Obesity may negatively affect kidney function in people with type 2 diabetes, particularly in women, according to a new study published in the Endocrine Society's Journal of Clinical Endocrinology & Metabolism.
Diabetic nephropathy, or the deterioration of kidney function in people with diabetes, is caused by high blood pressure and high blood sugar. Approximately one in three adults with diabetes has chronic kidney disease, and kidney diseases are the ninth leading cause of death in the United States. Kidney disease progresses over time to end-stage renal disease, and people with end-stage kidney disease often need a kidney transplant to stay alive.
Our research highlights how obesity contributes to the incidence and progression of diabetic nephropathy in people with type 2 diabetes, especially for women. Managing your blood pressure and blood sugar may not be enough to slow the progression to end stage renal disease, and our study shows how important it is for people with diabetes to also manage their weight."

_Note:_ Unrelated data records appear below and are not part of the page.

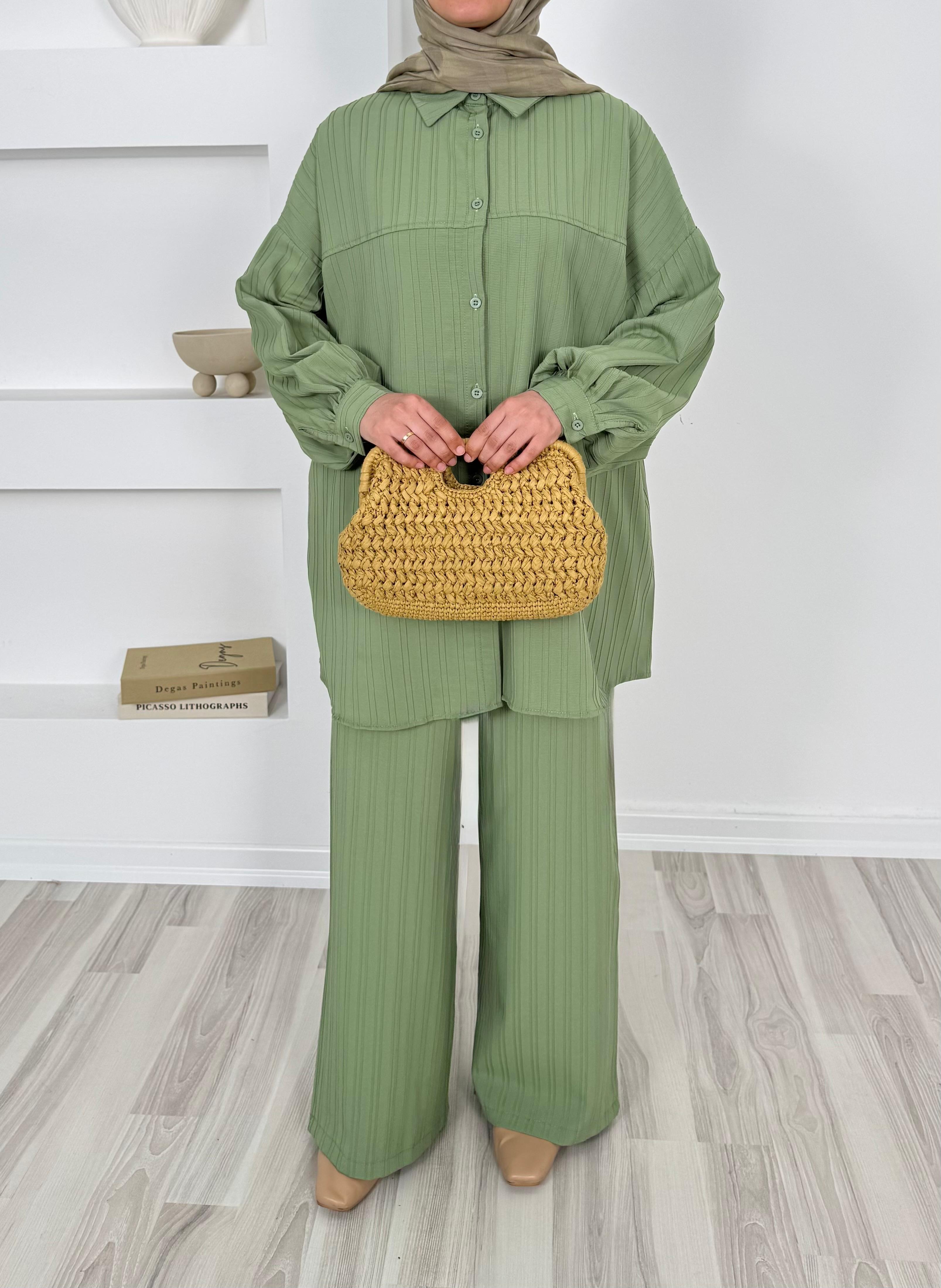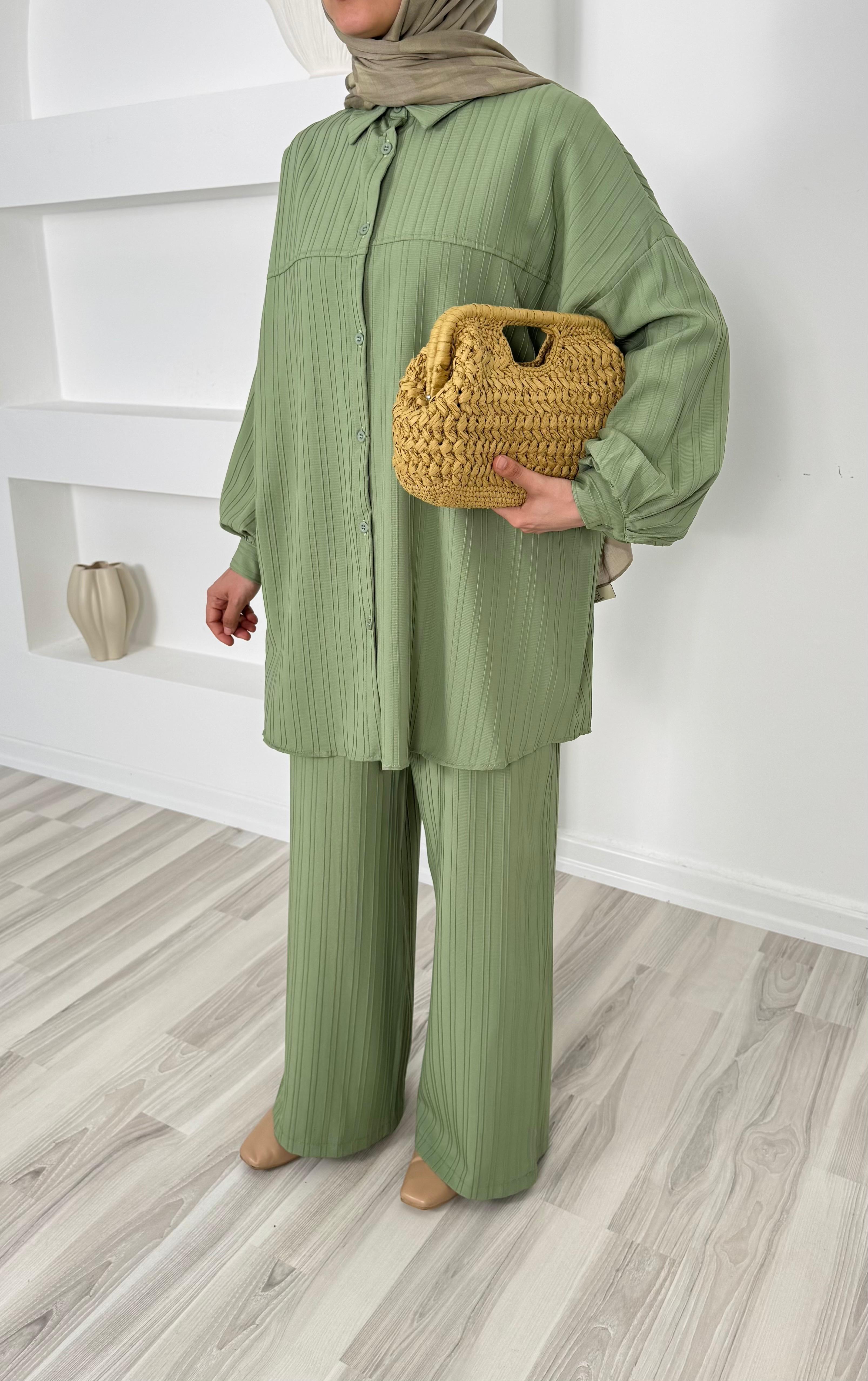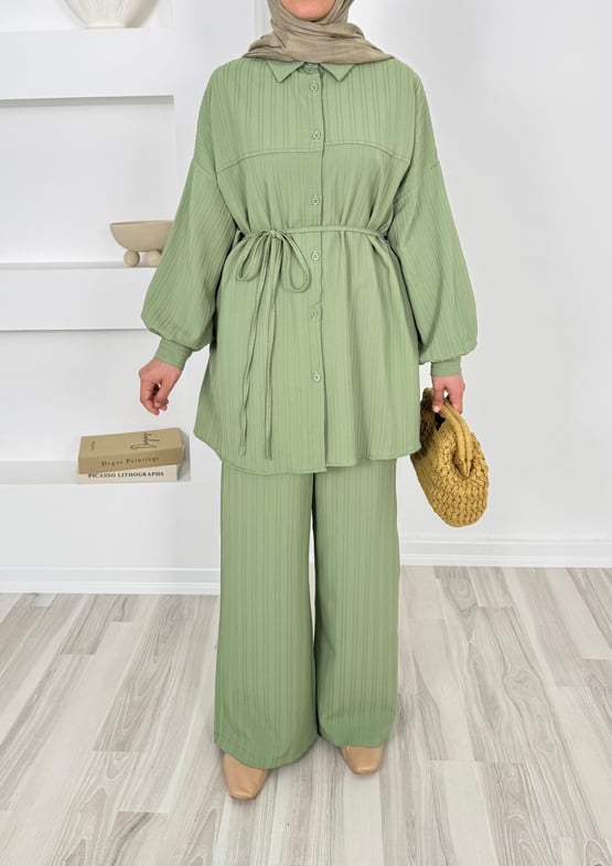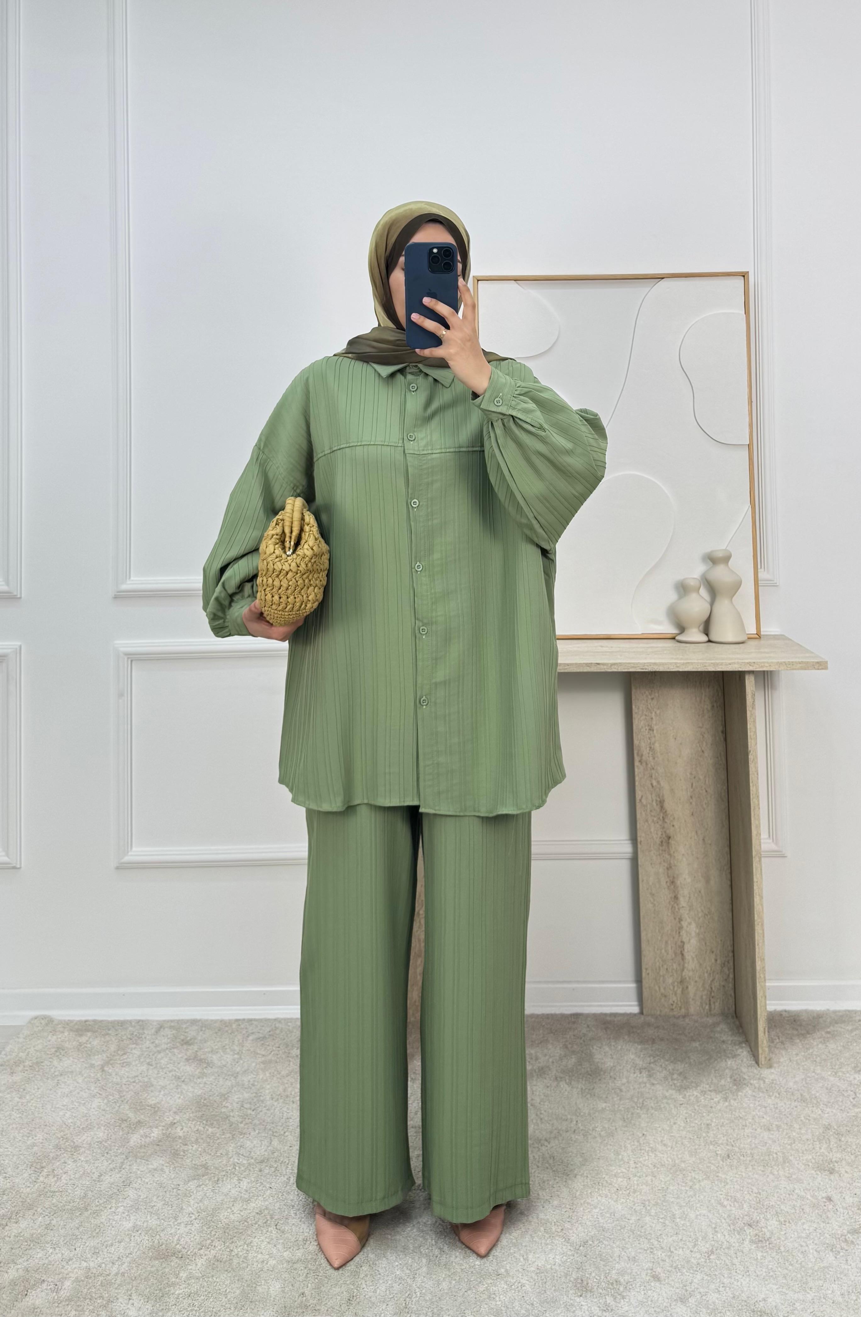 4586-dubai kumaş-önü pervazlı biyeli pantolonlu takım-yeşil (4586)
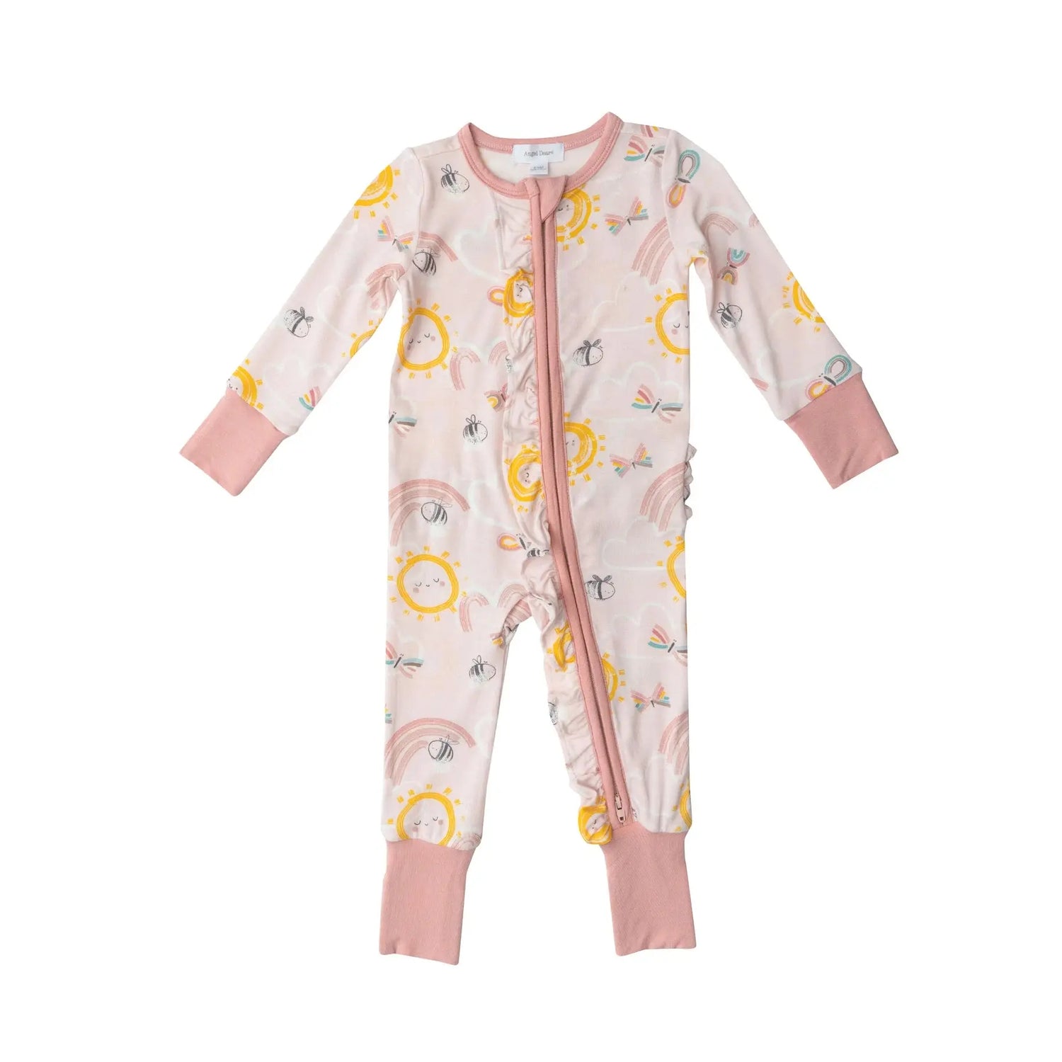Two Way Zipper Romper - Inky Bees - Pink | Angel Dear
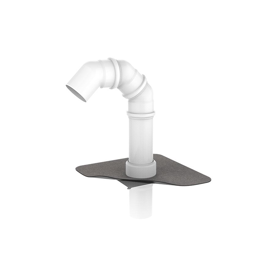 TOPWET Kabeldurchführung mit integrierter Manschette aus modifizierter Bitumenbahn. Höhe über der Wärmedämmung 300 mm (max. 500 mm), Tiefe unter der Wärmedämmung 300 mm (max. 1000 mm).
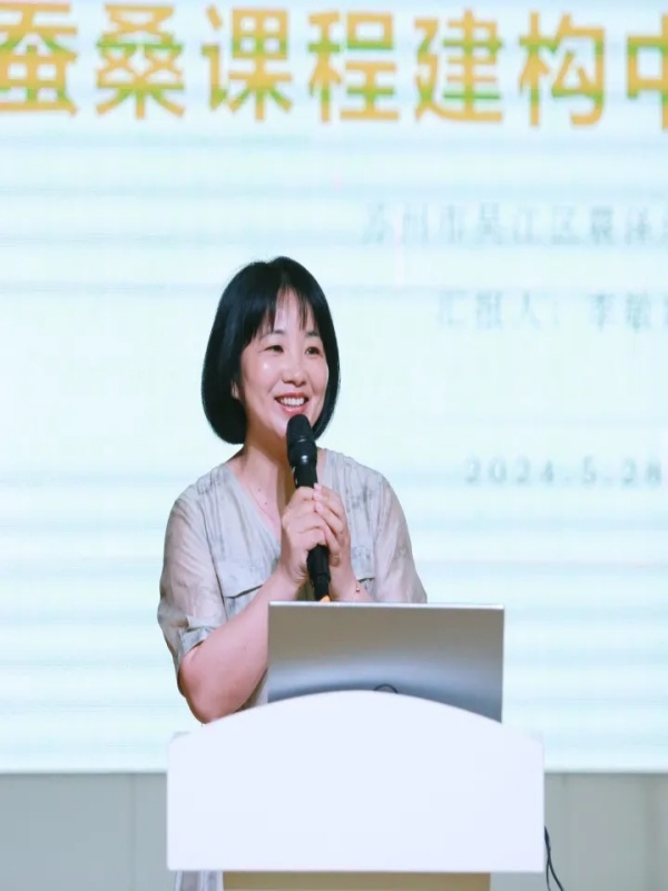 震泽幼儿园李敏娟园长以《蚕桑课程建构中的思与行》为题作了汇报。她从课程内涵、核心理念、实施策略及价值意义等方面详细阐述了该园在蚕桑课程建构过程中的思考与行动,全方位展示了震幼人在蚕桑课程建设中的成长与蜕变。
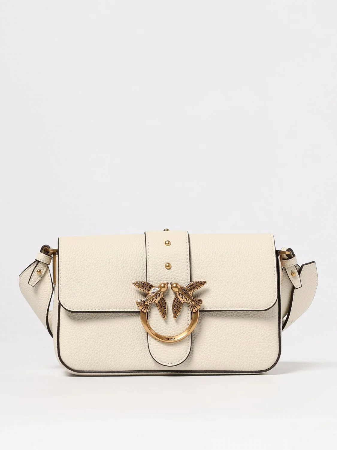 DESCRIPTION - Style: Contemporary - Logo: Love Birds - Model: Shoulder - Closure: With button flap - Shape: Rectangular - Shoulder strap: Adjustable and removable - Materials: Grained leather - Pattern: Logo DETAILS AND CARE Composition not available SIZE AND FIT Sizes not available Designer code: 104340A2OX Z14Q Giglio Code: H36384 Designer: Pinko Collection: Pinko Woman Category: Bags Pinko
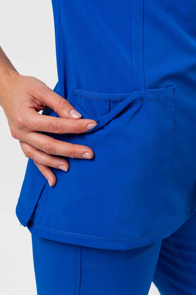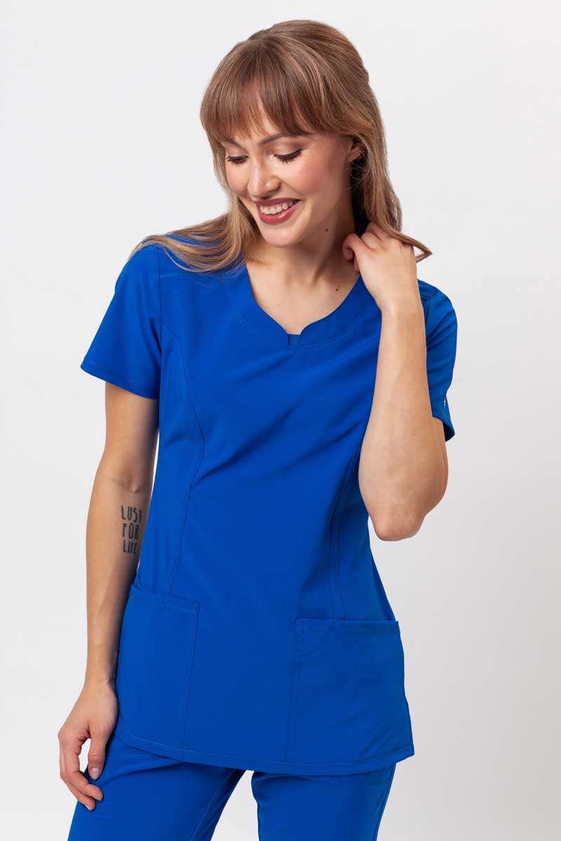 Pohodlné. Módne. Funkčné. Dokonale prispôsobené. Ženský. Je ťažké opísať lekársku súpravu Cherokee Infinity len jedným slovom. Ak by sme však museli, použili by sme slovo "nenahraditeľná". Osvedčí sa v každej situácii. Vďaka použitiu elastického materiálu nohavice a blúzka dokonale sedia, zvýrazňujú siluetu, ale neobmedzujú v pohybe. Vrecká sú povinnou výbavou všetkých zdravotníkov - tu vám nebudú chýbať. Ďalšou zaujímavosťou je špeciálne navrhnuté pútko na preukaz totožnosti v blúzke. Módne prešívanie, rebrovanie, jemné rozparky, vetracie vložky - všetky prvky súpravy sa navzájom dopĺňajú a vyčarujú dokonalý outfit na každý deň v práci.
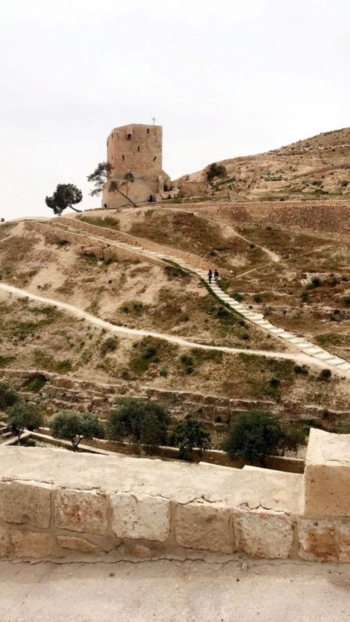 وتجد قلعة يطلق عليها جوستنيان كانت نقطة عسكرية تحمي الدير بأكمله, ومما يميز دير مار سابا أنه في أسفله نبع ماء صغير وأيضا نخلة, وبعض الروايات المسيحية تشير إلى إن السيد المسيح ولد هنا بسبب الماء والنخلة, وفي القرآن تشير التفسيرات الاية القرانية (اتخذت مكانا شرقيا) شرق المسجد الأقصى وهو المكان الشرقي لقبة الصخرة مباشرة.
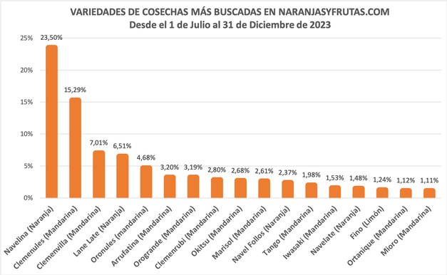 Midway through the 2023/24 citrus season, Naranjasyfrutas.com, the leader in Spain for online horticultural marketing, has shared the search trends by wholesale businesses purchasing such crops from producers. The results are displayed in the following graph, where the Navelina and Clemenules stand out among the varieties most in demand by businesses:
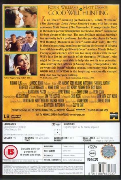 Gus van Sant’s film tells the story of a mathematically gifted young man, named Will Hunting, who’s on the search for his identity while ruthlessly eluding his fellow friends. His first introspective look at himself is achieved after meeting with the therapist Sean Maguire.

Zhi-Hong Liu, M.D., Jinling Hospital and Nanjing University School of Medicine in Nanjing, China
The researchers analyzed body mass index data from 158,284 East Asian adults from the BioBank Japan Project. Genetic evidence showed that higher body mass index levels were associated with an increased risk of diabetic kidney disease and decreased kidney filtration rate levels in 3,972 people with type 2 diabetes. Body mass index was not causally associated with increased levels of protein in the urine. Women with obesity and type 2 diabetes had a greater risk of diabetic kidney disease than men.
"People with diabetes and obesity should have their kidneys checked more often as they are at high risk, and while chronic kidney disease has no cure, early detection and obesity treatment could slow the progression to end-stage kidney disease," Liu said.
Lu, J., et al. (2022) Body Mass Index and Risk of Diabetic Nephropathy: A Mendelian Randomization Study. The Journal of Clinical Endocrinology & Metabolism. doi.org/10.1210/clinem/dgac057.